My thanks to whoever cancelled THEIR " pilot is sick" flight today and stranded my girlfriend in soggy phonix tonight...thanks alot.
 
dismissing? I'm looking for facts, cases with that procedural
context. Because looking through your cases, you cite a lot of
cases. I appreciate that. But I didn't really think I found
any that had -- that were horses of that same color and spots.
MR. JACOB: You are right. And I'm not hiding the
ball. I didn't have any such cases. No LEE didn't but JACOB did! MM

How many of those cases have you read??

AWA320
 
My thanks to whoever cancelled THEIR " pilot is sick" flight today and stranded my girlfriend in soggy phonix tonight...thanks alot.
Streaman,

Sorry your girlfriend got stranded but it is now and always has been a management problem. I've been a pilot here for almost 38 years and I've noticed a pattern. The airline is not staffed for the worst day, it is not staffed for the average day, it is only staffed based on every day being a perfect day.
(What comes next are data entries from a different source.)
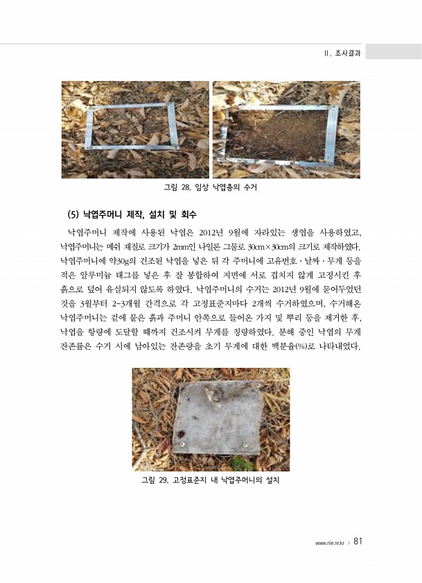Ⅱ. 조사결과 www.nie.re.kr ? 81 그림 28. 임상 낙엽층의 수거 5 낙엽주머니 제작, 설치 및 회수 낙엽주머니 제작에 사용된 낙엽은 2012년 9월에 자라있는 생엽을 사용하였고, 낙엽주머니는 메쉬 재질로 크기가 2mm인 나일론 그물로 30cm×30cm의 크기로 제작하였다. 낙엽주머니에 약30g의 건조된 낙엽을 넣은 뒤 각 주머니에 고유번호·날짜·무게 등을 적은 알루미늄 태그를 넣은 후 잘 봉합하여 지면에 서로 겹치지 않게 고정시킨 후 흙으로 덮어 유실되지 않도록 하였다. 낙엽주머니의 수거는 2012년 9월에 묻어두었던 것을 3월부터 23개월 간격으로 각 고정표준지마다 2개씩 수거하였으며, 수거해온 낙엽주머니는 겉에 뭍은 흙과 주머니 안쪽으로 들어온 가지 및 뿌리 등을 제거한 후, 낙엽을 항량...
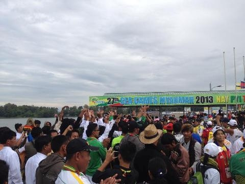 Sáng nay, môn Canoening của SEA Games 27 đã khởi tranh tại đập Naglike, cách trung tâm Nay Pyi Taw hơn 30 km. Ngay từ sáng sớm, rất đông người dân Myanamr đã đổ về nơi đây để theo dõi bất chấp bầu trời xầm xì như muốn mưa.
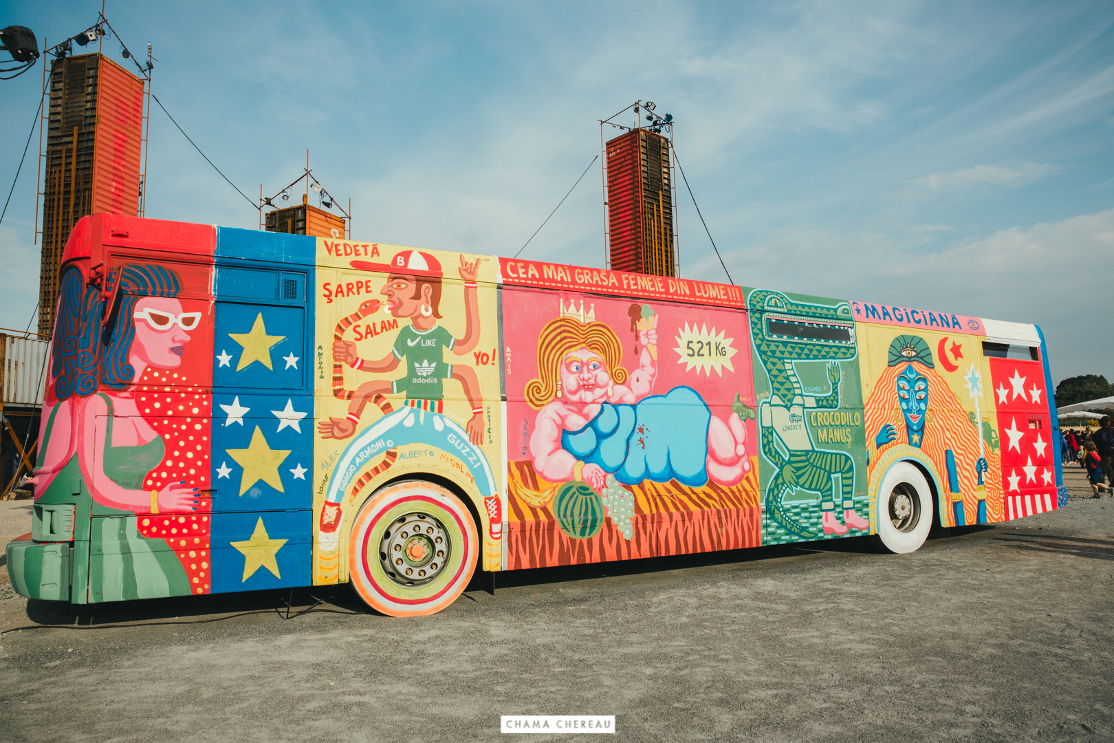 Ce bus-là voyage avec une galerie de personnages de foire, inspirés de l’univers forain et nomade. Tout en couleurs, les Siamois Passion et Amour, le Monsieur Loyal, la Magicienne, la Plus Grosse Dame du Monde, l’Homme Crocodile et l’Homme Fort sont de ceux qui font de leur différence une force.
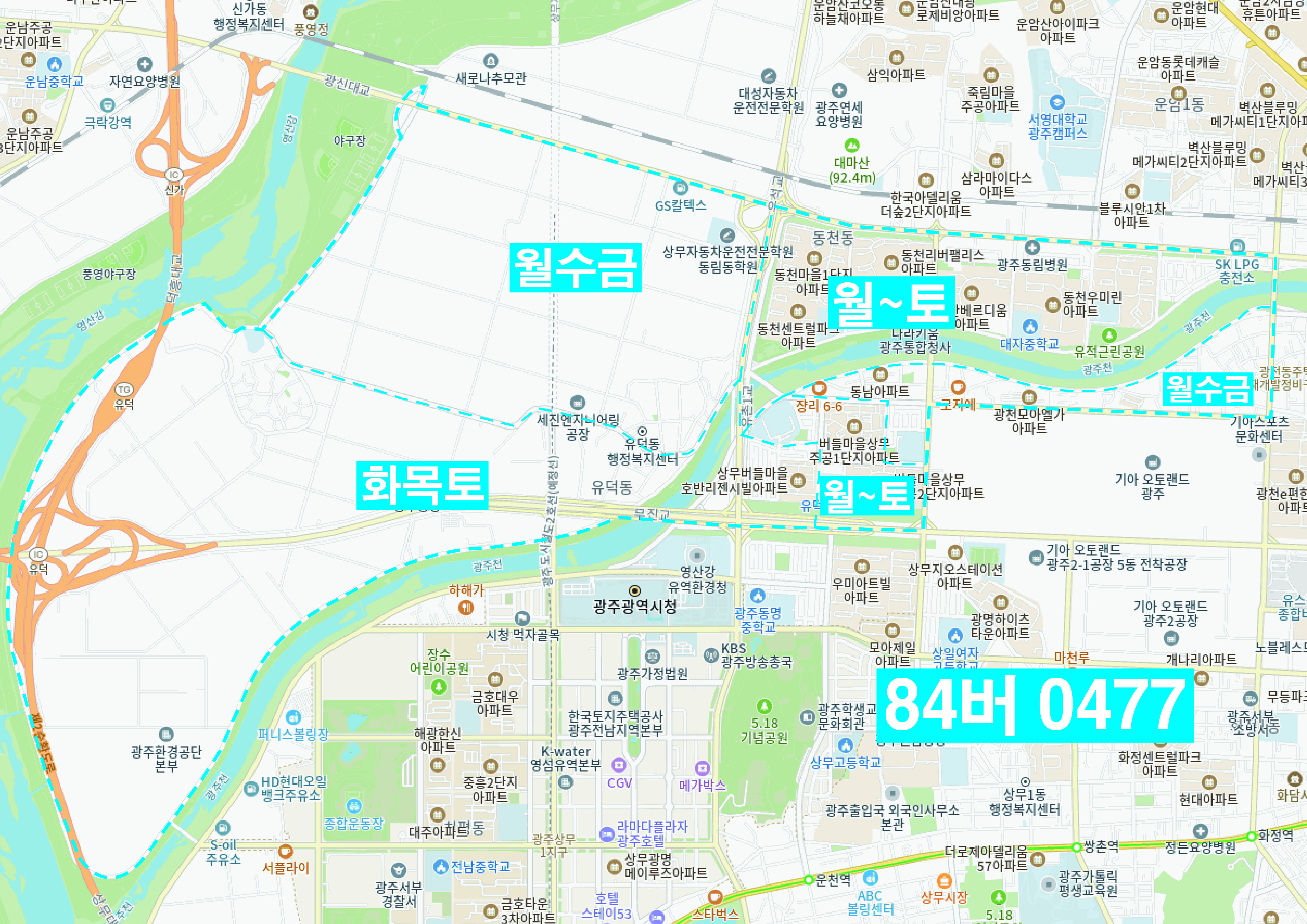 | 5 | 84버0477 | 유덕,동천,광천 | ||
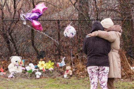 AP Nichelle Wilson, left, the grandmother of one of the girls whose bodies were found earlier this week, Amor Wilson, stands with her friend Sharon Hunter, right, at the site of a memorial Thursday in Cleveland.

No consideration is given to flu and cold season, adverse weather, atc problems, or the fact all the employees are getting older. It has been their lack of management skills which has put this place in the position where there is no new blood coming in. They will continue to operate this way at least until the next transaction and if they are in the position to stay after the next merger then the place will continue to be short staffed.